WHAT TO PRODUCE: When you return the data, keep every word exact and include none of the images.

SUPPLIED INFORMATION:

+ + + + + + +

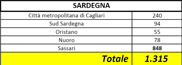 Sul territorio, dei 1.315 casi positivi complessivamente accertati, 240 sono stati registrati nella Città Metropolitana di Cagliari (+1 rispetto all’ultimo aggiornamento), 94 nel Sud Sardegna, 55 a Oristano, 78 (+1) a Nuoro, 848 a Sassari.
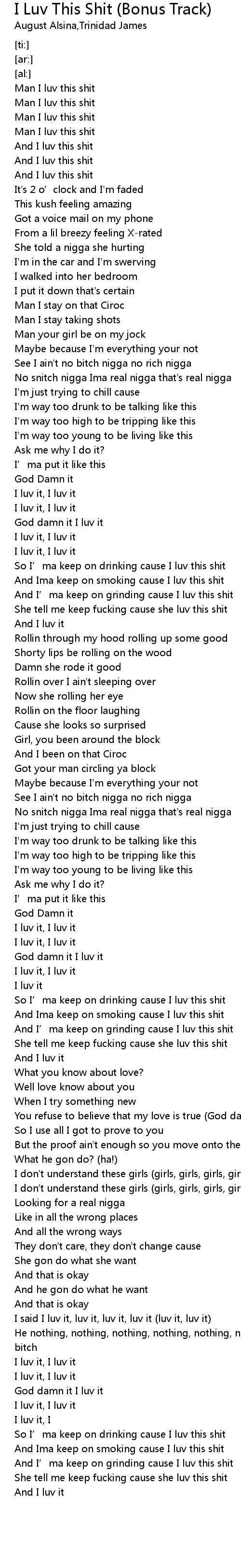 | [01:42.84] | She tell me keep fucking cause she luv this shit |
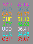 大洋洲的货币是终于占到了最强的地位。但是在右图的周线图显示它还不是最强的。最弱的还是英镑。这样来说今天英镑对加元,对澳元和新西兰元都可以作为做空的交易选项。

+ + + + + + +

TASK RESPONSE:
 Sul territorio, dei 1.315 casi positivi complessivamente accertati, 240 sono stati registrati nella Città Metropolitana di Cagliari (+1 rispetto all’ultimo aggiornamento), 94 nel Sud Sardegna, 55 a Oristano, 78 (+1) a Nuoro, 848 a Sassari.
 | [01:42.84] | She tell me keep fucking cause she luv this shit |
 大洋洲的货币是终于占到了最强的地位。但是在右图的周线图显示它还不是最强的。最弱的还是英镑。这样来说今天英镑对加元,对澳元和新西兰元都可以作为做空的交易选项。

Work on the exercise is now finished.